30647.fb2
— Хорошо, — ответила я.
Откуда я возьму двадцать центов? Видно, придется начать воровать, еще до того, как Лотти меня научит. Лотти стояла лицом к центру комнаты, но глаза у нее, видно, были на затылке, потому что она вдруг крутнулась к окну: мама и Тэсс шли по дорожке.
— Через черный ход, — едва успела шепнуть я, как ее не стало.
Дверь, которая всегда визжала, на этот раз не издала ни звука. Я даже не почувствовала, как Лотти открыла и закрыла ее. Не заметила я и того, как за долю секунды она успела снять стеклянную крышку и вытащить наш семейный торт на шесть персон.
Со среды до пятницы я не находила себе места и не давала покоя другим. Мама, обнаружив пропажу торта, выругала меня за ротозейство. Она сразу догадалась, что торт увел какой‑то бродяга; ей и в голову не пришло, что это я могла его слопать: я вообще ничего добровольно не ела (кроме сырой картошки, которую просто обожала), и с самых пеленок мое кормление задавало родителям немало мороки. Сначала я было решила устроить маме рёв с корчами и так отстоять свою правоту: от рёва и корчей у меня выступали вены, я становилась вся синяя, заходилась, и свет мерк в глазах моей мамочки. Но потом я передумала и повела себя осмотрительней. Я ответила: «Просто я ничего не слышала. А если бы слышала, то ты бы хотела, наверно, чтобы я вышла в кухню, и грабитель искромсал меня ножом на тысячу кусков. Ты бы не стала меня хоронить, ты бы меня выбросила на помойку! Знаю я кто здесь свой, а кто — чужой!»

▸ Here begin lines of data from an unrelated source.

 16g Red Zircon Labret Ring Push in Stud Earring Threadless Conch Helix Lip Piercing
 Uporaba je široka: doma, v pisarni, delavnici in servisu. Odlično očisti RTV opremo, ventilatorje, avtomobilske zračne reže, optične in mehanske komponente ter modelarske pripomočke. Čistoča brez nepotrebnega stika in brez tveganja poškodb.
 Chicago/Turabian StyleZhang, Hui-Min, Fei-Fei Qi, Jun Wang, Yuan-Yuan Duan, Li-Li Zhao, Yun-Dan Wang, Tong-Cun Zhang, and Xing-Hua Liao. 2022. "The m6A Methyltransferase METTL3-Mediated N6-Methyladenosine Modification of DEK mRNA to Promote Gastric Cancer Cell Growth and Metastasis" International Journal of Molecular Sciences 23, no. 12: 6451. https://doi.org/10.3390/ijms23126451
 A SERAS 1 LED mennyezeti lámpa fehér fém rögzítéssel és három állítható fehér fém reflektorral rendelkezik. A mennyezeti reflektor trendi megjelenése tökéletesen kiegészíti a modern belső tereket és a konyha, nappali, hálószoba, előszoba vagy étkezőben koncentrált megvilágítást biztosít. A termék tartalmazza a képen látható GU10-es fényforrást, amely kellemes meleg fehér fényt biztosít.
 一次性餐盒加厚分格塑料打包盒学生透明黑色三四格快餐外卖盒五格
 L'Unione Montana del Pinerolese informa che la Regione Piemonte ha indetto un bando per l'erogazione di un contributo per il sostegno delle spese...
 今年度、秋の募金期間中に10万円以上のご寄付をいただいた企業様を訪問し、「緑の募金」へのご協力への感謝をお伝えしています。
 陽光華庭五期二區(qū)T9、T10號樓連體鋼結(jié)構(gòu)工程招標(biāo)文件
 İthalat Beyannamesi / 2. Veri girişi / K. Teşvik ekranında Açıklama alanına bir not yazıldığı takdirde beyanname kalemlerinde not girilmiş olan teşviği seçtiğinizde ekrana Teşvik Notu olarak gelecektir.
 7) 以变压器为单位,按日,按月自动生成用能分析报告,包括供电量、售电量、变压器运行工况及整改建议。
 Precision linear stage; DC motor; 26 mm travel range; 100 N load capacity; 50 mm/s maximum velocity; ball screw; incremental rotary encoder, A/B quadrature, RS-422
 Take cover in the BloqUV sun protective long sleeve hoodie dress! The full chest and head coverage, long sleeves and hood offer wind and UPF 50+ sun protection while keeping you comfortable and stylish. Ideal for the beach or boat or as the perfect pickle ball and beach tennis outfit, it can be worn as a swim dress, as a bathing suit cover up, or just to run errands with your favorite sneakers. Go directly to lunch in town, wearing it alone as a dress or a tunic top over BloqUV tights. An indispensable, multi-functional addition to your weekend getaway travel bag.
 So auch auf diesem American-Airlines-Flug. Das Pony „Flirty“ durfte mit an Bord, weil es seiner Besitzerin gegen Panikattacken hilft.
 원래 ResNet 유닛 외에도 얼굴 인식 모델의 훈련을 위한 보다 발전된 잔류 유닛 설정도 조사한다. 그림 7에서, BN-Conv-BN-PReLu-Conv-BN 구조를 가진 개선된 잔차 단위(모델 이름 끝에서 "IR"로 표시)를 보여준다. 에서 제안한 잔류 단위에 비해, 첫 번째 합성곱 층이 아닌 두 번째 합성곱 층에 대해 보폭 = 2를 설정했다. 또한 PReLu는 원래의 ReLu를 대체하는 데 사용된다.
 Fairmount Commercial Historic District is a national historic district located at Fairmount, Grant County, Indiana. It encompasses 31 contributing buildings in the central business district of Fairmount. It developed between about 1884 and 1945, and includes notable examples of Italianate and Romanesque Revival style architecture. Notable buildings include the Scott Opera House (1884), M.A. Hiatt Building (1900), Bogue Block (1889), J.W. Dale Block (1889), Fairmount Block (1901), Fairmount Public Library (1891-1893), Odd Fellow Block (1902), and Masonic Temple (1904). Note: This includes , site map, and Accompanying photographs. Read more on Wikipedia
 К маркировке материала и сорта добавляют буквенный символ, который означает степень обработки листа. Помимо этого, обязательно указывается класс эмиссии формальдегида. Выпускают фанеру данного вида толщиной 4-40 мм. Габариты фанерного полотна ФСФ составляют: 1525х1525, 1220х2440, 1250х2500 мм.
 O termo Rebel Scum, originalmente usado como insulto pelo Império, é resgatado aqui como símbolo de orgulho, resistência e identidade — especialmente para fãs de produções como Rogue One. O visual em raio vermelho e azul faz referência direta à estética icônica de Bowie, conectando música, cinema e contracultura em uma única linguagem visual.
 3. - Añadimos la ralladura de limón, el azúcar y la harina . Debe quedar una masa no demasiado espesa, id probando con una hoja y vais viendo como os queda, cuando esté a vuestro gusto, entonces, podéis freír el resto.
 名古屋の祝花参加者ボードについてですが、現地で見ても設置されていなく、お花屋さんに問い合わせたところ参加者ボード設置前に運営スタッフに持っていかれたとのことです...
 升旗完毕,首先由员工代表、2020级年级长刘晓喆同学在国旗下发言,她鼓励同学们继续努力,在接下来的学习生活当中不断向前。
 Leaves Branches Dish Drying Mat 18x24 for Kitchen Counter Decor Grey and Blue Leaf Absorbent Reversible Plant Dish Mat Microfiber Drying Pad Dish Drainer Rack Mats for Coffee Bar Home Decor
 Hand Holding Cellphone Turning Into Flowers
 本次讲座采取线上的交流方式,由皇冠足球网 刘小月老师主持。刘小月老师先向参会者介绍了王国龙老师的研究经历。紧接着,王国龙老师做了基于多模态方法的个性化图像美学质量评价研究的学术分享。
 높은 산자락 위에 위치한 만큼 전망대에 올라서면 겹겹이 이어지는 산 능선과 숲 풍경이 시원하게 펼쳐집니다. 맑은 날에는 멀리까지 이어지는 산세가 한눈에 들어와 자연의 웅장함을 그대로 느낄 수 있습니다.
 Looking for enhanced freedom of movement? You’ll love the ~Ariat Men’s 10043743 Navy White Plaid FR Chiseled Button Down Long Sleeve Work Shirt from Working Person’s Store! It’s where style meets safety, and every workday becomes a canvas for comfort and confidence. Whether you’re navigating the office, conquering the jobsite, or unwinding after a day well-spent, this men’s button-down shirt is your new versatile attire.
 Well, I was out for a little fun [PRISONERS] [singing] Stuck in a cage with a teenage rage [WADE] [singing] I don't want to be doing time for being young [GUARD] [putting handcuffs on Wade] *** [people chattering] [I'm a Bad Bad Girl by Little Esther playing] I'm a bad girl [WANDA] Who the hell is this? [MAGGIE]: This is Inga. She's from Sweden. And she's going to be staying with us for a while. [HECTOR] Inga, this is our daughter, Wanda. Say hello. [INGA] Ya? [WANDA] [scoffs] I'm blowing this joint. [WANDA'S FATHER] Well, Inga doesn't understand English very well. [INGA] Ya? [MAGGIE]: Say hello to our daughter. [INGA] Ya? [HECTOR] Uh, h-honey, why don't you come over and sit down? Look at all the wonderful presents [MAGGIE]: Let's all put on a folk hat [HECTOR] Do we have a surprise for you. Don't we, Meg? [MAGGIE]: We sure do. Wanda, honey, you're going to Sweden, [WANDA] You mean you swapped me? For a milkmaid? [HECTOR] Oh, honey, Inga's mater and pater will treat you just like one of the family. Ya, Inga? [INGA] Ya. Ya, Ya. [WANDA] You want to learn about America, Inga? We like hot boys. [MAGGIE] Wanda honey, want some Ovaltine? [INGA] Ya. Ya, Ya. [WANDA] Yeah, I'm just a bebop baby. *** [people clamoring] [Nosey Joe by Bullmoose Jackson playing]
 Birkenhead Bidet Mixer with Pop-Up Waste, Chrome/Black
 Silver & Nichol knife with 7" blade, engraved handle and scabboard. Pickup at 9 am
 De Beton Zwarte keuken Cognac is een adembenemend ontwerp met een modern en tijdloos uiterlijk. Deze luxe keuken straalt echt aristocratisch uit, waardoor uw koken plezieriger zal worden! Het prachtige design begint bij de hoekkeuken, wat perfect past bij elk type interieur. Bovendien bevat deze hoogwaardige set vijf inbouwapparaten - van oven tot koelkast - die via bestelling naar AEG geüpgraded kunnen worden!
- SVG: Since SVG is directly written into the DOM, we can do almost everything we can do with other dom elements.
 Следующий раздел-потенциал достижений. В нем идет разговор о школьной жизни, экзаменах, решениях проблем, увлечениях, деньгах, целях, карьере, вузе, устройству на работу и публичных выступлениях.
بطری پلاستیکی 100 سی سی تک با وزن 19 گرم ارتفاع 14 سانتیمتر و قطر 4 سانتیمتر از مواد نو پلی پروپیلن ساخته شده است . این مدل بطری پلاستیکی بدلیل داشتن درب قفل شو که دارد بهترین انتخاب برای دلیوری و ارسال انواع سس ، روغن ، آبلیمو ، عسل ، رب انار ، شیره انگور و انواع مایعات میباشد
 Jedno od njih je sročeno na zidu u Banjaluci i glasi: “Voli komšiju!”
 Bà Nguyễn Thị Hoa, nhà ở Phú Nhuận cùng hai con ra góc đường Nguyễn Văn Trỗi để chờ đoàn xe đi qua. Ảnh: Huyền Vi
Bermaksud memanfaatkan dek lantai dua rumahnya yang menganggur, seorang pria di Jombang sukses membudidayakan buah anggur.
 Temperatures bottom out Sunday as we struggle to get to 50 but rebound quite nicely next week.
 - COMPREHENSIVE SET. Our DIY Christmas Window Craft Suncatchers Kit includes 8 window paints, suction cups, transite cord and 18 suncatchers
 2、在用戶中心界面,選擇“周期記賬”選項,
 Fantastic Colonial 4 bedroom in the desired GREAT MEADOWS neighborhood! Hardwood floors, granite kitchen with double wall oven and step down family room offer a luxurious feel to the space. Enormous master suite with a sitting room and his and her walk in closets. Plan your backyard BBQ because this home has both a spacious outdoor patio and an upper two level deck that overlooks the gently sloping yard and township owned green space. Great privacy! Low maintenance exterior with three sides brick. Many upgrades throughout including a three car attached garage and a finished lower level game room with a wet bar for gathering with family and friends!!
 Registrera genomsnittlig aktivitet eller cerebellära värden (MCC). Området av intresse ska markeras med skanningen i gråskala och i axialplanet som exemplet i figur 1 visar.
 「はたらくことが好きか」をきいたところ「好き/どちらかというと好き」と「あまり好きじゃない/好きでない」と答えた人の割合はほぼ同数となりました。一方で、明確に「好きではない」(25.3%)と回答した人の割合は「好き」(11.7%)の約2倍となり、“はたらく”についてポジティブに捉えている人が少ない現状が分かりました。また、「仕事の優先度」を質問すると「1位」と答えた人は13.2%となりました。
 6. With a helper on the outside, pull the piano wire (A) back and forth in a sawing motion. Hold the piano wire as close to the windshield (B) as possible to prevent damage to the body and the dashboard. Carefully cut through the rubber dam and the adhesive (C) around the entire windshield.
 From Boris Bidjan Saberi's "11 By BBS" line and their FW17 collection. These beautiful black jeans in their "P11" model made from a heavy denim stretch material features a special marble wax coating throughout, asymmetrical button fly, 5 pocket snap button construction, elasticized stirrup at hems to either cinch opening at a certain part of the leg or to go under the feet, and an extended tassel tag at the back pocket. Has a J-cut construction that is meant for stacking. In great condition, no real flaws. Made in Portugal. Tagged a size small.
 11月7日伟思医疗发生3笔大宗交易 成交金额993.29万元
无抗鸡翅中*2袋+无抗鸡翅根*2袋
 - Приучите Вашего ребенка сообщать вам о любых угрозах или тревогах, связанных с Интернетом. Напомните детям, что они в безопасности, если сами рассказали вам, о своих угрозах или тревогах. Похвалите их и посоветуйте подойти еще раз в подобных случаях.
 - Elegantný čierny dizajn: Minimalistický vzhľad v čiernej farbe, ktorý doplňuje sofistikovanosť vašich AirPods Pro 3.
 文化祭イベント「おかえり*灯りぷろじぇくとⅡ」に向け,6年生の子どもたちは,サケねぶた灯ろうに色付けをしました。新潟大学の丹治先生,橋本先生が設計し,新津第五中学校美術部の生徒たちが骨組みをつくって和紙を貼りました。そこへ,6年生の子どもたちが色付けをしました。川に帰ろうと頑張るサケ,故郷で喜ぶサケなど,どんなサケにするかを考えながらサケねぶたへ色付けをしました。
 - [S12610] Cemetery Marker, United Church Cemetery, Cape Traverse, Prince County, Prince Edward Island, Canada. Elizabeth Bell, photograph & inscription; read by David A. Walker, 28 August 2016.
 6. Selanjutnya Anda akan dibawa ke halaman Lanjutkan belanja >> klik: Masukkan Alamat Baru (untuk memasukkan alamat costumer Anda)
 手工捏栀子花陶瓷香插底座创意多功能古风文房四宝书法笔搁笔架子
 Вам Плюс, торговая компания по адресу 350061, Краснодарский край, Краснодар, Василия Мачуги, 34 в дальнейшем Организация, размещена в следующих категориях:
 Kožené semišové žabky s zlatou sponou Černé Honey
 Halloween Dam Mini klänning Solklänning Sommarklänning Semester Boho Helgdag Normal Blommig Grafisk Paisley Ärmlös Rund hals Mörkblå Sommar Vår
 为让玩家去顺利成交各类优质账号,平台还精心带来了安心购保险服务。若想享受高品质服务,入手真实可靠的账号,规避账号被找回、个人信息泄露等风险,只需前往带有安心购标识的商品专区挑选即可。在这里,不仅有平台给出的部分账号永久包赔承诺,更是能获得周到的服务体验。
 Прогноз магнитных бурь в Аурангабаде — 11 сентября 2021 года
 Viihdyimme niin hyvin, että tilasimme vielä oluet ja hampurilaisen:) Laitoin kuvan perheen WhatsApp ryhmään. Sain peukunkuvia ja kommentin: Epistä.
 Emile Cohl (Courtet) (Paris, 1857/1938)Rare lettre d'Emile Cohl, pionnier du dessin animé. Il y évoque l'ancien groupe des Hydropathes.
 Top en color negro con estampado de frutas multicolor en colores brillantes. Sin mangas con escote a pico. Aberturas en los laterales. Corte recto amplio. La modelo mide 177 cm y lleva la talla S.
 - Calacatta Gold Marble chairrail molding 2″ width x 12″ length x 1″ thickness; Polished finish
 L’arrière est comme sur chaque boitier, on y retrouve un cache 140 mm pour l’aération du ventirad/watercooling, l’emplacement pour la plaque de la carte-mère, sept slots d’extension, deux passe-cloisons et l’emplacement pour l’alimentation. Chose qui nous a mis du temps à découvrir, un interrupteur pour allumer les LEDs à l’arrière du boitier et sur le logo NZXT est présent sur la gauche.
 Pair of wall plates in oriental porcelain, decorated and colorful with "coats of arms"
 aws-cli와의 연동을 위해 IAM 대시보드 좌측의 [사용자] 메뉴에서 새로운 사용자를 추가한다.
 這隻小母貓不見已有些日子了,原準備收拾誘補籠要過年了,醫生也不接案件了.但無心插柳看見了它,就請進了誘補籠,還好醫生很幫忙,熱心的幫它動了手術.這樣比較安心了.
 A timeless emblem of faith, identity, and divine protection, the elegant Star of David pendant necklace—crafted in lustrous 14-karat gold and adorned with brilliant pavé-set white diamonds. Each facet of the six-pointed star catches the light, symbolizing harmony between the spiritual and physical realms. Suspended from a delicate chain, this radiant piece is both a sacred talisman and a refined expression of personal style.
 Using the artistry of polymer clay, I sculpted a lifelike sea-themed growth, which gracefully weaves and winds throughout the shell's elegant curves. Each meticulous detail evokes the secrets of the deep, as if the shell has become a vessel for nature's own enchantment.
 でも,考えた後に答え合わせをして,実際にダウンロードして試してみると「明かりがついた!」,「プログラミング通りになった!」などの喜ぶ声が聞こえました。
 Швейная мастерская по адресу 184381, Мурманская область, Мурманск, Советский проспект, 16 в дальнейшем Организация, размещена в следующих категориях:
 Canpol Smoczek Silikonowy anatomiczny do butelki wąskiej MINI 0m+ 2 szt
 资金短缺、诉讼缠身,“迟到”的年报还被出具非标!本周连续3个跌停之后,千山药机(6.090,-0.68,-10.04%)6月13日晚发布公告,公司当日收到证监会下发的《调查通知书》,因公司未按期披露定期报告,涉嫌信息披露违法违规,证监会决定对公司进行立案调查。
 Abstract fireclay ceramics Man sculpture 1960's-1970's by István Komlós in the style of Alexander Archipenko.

Слезы обиды, а не гнева хлынули у меня из глаз, я вслепую добралась до спальни, которую делила со Стеллой, бросилась на кровать и затряслась в беззвучном необъятном вселенском плаче. Тут мама и Тэсс побежали за мной и стали жалеть меня, и говорить, как они меня любят. А я говорила, что неправда, а они повторяли, что любят. И вот у меня разболелась голова, как бывало всегда после плача, мне принесли аспирин и холодную тряпку на голову, а когда Джек и Стелла вернулись домой, то должны были вести себя тихо. Джек сказал:
— Кис Вандерпул самый хитрый хорек во всей Америке. Чего бы ей не выскочить и не заорать: «Руки вверх!» Тот бы не пальнул.
А мама ответила:
— Ша, ты ведь хочешь, чтобы твоя сестричка выздоровела.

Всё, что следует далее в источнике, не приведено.